When copying the data below, keep only the lines from the one with "Little Lord ein" through the one with "Радиостанция Baofeng UV-5R", word for word, and skip the pictures.

* _MATERIAL SHOWN_:
┄┄┄┄┄┄┄┄┄┄┄┄┄┄┄┄┄┄┄┄

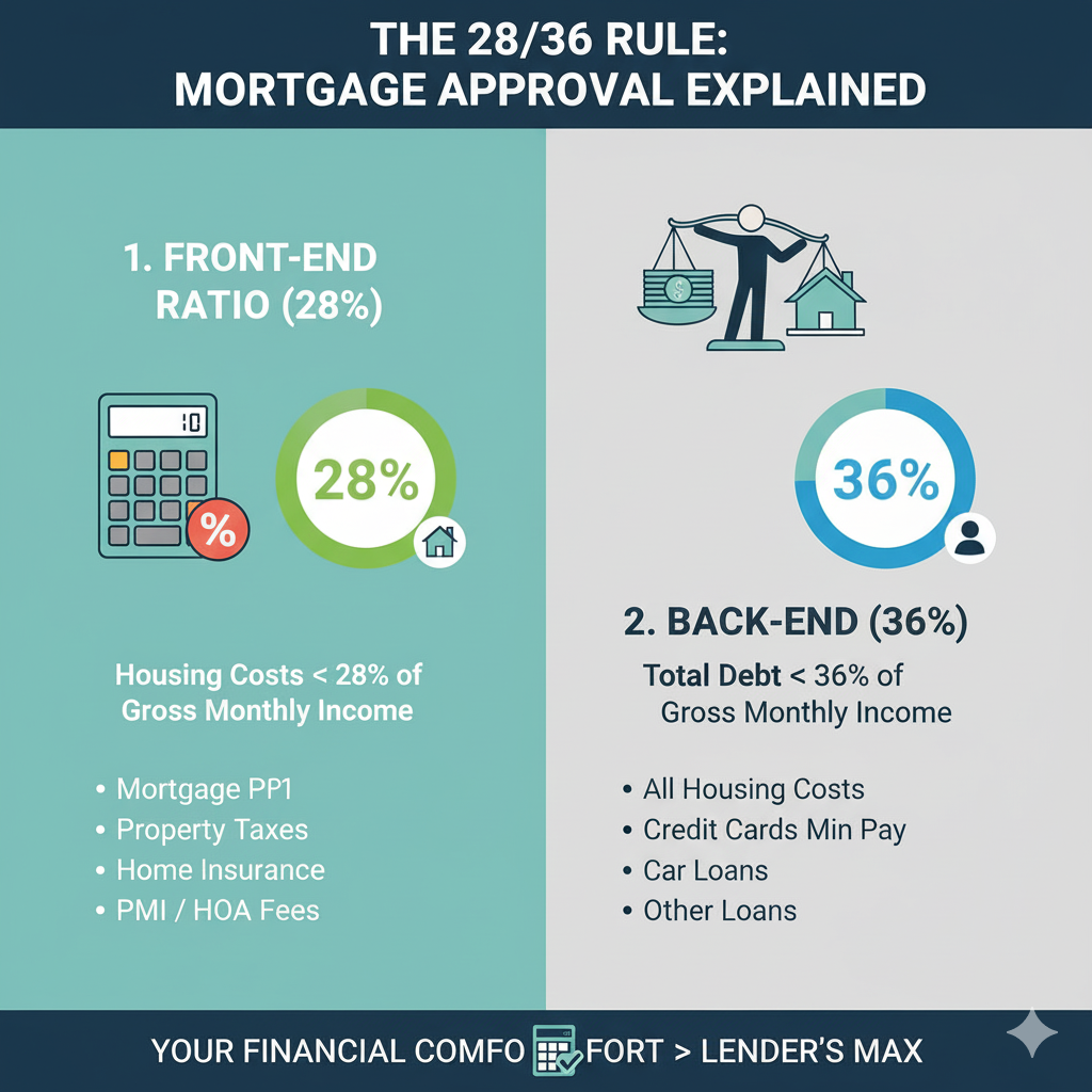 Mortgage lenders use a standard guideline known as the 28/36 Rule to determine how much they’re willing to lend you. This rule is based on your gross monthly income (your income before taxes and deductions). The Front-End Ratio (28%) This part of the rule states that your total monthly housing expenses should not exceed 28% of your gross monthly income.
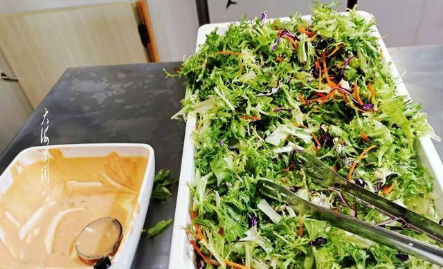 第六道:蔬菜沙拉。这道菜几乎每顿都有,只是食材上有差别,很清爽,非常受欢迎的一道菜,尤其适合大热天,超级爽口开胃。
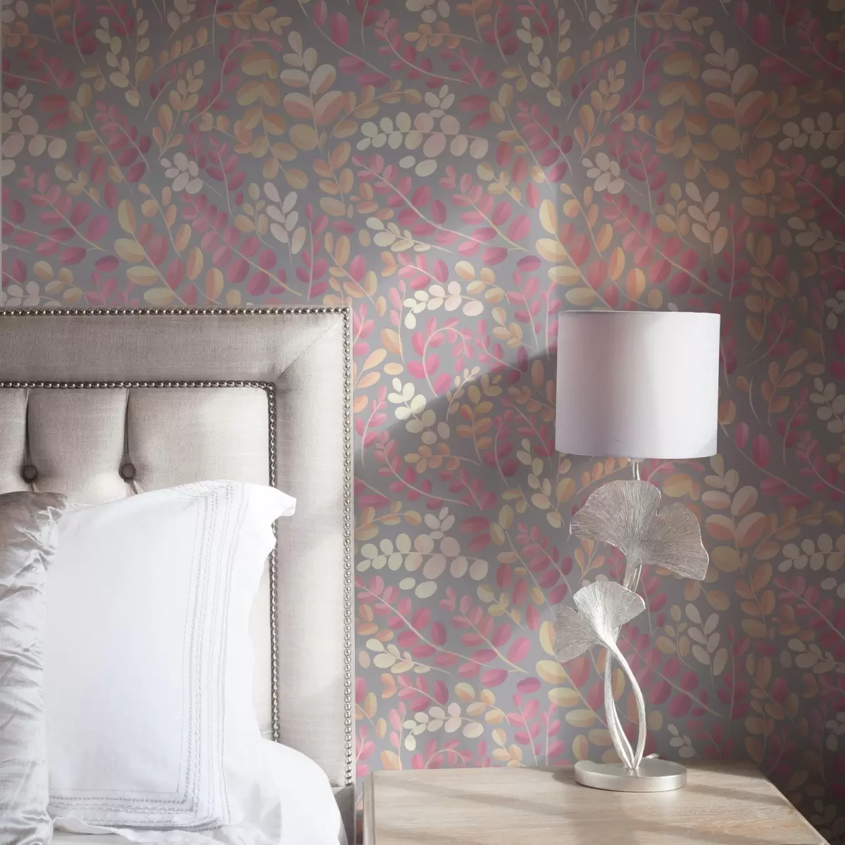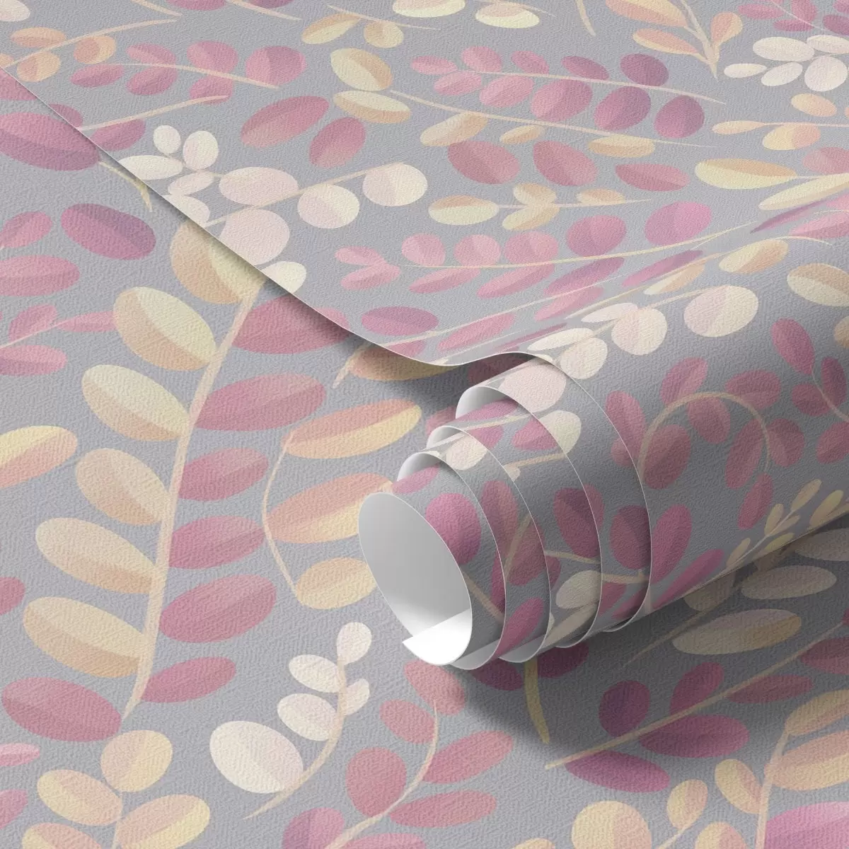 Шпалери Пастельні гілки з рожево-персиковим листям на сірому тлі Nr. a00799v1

┄┄┄┄┄┄┄┄┄┄┄┄┄┄┄┄┄┄┄┄

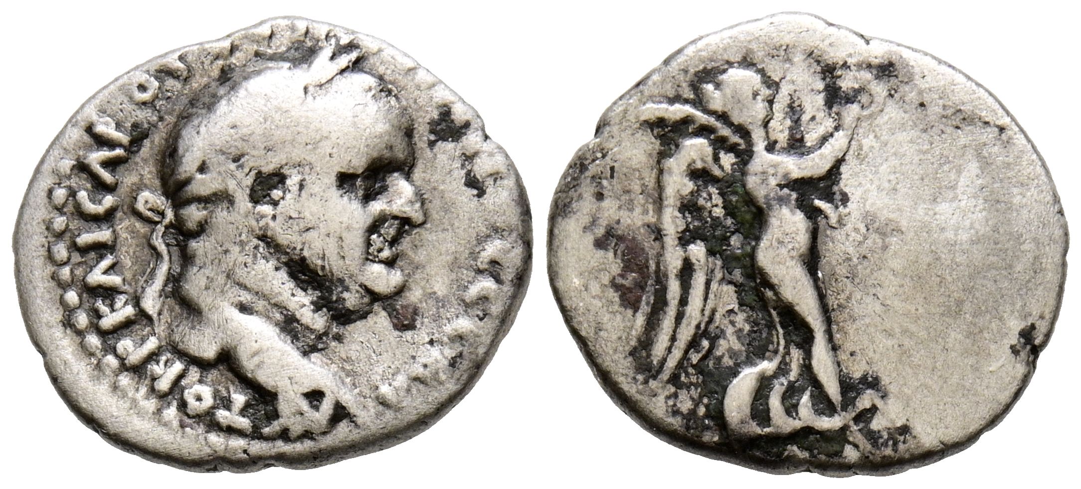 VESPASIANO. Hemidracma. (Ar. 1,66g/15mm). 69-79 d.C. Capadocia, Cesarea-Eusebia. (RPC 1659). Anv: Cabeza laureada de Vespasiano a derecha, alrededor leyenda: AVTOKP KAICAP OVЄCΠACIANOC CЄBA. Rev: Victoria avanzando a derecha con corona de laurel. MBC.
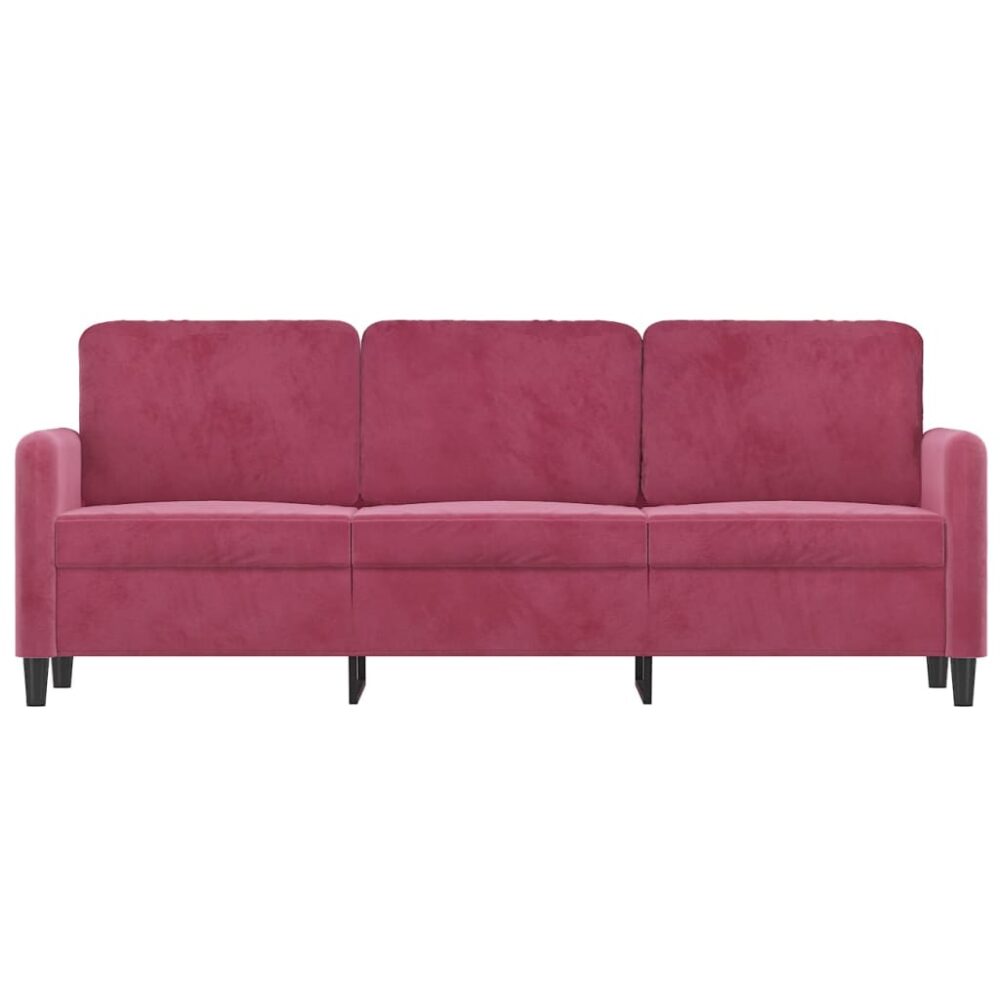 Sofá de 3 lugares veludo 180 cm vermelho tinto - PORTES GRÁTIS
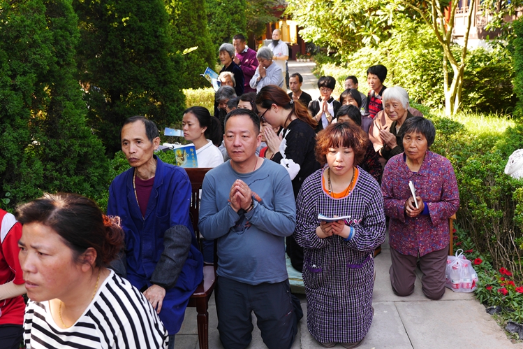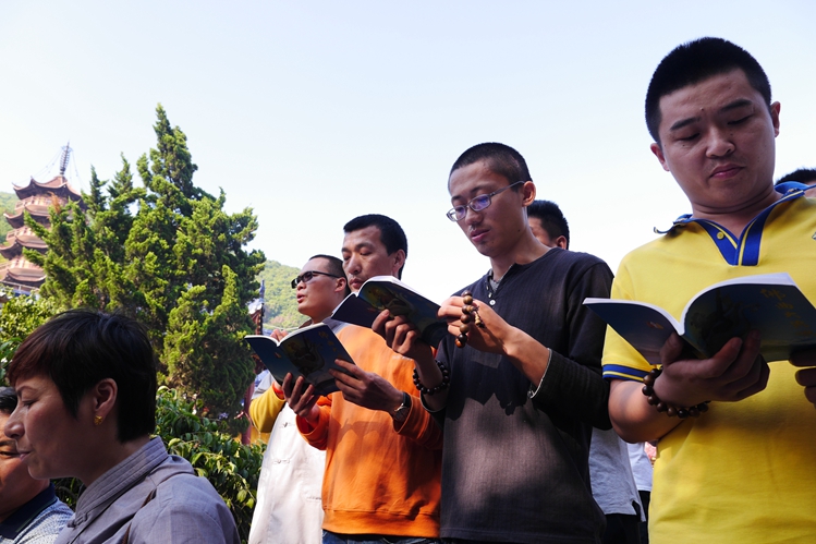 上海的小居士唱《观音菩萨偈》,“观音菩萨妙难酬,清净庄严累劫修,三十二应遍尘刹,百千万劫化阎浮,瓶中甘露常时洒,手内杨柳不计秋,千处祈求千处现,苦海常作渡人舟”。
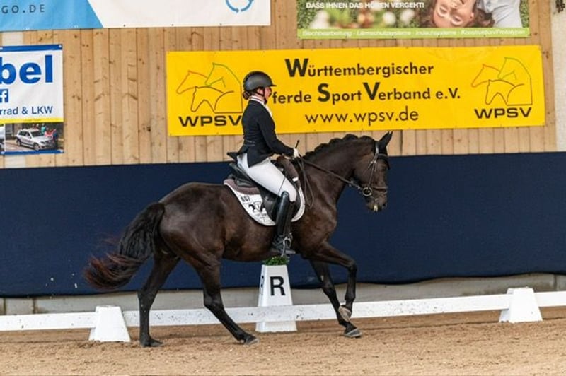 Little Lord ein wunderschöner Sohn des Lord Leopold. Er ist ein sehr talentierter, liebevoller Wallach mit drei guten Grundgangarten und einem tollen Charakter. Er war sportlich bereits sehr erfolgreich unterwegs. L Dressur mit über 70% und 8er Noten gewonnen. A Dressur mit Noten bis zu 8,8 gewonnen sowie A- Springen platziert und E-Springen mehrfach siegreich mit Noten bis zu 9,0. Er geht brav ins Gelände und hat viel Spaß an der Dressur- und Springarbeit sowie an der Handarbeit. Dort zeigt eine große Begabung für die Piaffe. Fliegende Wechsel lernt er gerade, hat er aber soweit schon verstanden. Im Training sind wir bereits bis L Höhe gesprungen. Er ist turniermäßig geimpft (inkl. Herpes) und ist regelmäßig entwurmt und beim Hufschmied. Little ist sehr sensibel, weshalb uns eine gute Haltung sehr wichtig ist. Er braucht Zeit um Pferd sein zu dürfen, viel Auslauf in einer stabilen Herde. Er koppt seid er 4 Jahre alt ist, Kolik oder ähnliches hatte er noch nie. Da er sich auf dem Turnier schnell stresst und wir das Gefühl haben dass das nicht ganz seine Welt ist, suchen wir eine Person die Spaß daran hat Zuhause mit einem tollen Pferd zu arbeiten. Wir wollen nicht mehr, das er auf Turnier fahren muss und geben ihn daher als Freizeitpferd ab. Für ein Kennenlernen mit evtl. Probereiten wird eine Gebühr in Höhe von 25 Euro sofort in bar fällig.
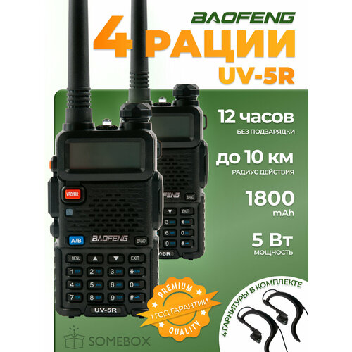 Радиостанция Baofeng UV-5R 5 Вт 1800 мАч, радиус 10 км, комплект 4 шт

┄┄┄┄┄┄┄┄┄┄┄┄┄┄┄┄┄┄┄┄

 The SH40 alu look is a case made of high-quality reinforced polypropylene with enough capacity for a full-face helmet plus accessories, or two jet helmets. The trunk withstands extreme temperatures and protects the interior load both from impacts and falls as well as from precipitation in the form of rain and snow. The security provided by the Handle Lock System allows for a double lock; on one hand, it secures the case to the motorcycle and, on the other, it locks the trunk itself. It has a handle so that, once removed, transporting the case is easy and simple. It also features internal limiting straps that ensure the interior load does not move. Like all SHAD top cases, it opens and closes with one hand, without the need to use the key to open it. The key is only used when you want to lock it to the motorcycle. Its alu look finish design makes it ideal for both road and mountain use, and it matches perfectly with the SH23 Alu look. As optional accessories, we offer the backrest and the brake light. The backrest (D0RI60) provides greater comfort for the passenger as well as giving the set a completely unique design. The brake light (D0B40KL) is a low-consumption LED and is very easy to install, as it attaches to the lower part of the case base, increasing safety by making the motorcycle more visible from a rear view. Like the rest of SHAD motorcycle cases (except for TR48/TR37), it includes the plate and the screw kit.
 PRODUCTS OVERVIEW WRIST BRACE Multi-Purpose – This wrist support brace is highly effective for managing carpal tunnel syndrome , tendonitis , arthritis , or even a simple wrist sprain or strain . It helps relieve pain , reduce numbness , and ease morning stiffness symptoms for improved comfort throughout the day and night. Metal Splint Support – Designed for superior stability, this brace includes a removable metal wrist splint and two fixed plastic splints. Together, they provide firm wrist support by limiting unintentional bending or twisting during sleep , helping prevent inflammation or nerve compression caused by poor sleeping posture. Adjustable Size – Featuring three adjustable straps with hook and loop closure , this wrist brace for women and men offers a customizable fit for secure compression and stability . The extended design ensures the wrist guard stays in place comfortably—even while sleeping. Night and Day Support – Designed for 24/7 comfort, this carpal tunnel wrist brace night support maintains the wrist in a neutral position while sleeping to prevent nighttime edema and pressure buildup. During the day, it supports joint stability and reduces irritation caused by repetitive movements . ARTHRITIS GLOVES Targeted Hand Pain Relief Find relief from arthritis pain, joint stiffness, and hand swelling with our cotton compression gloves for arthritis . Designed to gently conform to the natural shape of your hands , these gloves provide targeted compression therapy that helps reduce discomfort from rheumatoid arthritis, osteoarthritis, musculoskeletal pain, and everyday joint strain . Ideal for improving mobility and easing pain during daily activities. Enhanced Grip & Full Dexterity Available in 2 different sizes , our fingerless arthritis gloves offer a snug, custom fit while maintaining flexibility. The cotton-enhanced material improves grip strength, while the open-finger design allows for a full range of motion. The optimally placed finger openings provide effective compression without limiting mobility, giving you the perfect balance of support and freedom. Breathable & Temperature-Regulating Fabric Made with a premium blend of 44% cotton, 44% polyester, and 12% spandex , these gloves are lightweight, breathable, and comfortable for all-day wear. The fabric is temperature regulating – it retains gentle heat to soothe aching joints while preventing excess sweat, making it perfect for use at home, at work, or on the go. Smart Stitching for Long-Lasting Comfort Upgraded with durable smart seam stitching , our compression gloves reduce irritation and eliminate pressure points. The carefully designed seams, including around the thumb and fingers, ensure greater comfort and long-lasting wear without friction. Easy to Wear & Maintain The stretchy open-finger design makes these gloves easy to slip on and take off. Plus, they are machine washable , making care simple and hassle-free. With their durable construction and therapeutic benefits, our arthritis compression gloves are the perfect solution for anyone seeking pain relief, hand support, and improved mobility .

┄┄┄┄┄┄┄┄┄┄┄┄┄┄┄┄┄┄┄┄

* _EXERCISE RESULT_:
 Little Lord ein wunderschöner Sohn des Lord Leopold. Er ist ein sehr talentierter, liebevoller Wallach mit drei guten Grundgangarten und einem tollen Charakter. Er war sportlich bereits sehr erfolgreich unterwegs. L Dressur mit über 70% und 8er Noten gewonnen. A Dressur mit Noten bis zu 8,8 gewonnen sowie A- Springen platziert und E-Springen mehrfach siegreich mit Noten bis zu 9,0. Er geht brav ins Gelände und hat viel Spaß an der Dressur- und Springarbeit sowie an der Handarbeit. Dort zeigt eine große Begabung für die Piaffe. Fliegende Wechsel lernt er gerade, hat er aber soweit schon verstanden. Im Training sind wir bereits bis L Höhe gesprungen. Er ist turniermäßig geimpft (inkl. Herpes) und ist regelmäßig entwurmt und beim Hufschmied. Little ist sehr sensibel, weshalb uns eine gute Haltung sehr wichtig ist. Er braucht Zeit um Pferd sein zu dürfen, viel Auslauf in einer stabilen Herde. Er koppt seid er 4 Jahre alt ist, Kolik oder ähnliches hatte er noch nie. Da er sich auf dem Turnier schnell stresst und wir das Gefühl haben dass das nicht ganz seine Welt ist, suchen wir eine Person die Spaß daran hat Zuhause mit einem tollen Pferd zu arbeiten. Wir wollen nicht mehr, das er auf Turnier fahren muss und geben ihn daher als Freizeitpferd ab. Für ein Kennenlernen mit evtl. Probereiten wird eine Gebühr in Höhe von 25 Euro sofort in bar fällig.
 Радиостанция Baofeng UV-5R 5 Вт 1800 мАч, радиус 10 км, комплект 4 шт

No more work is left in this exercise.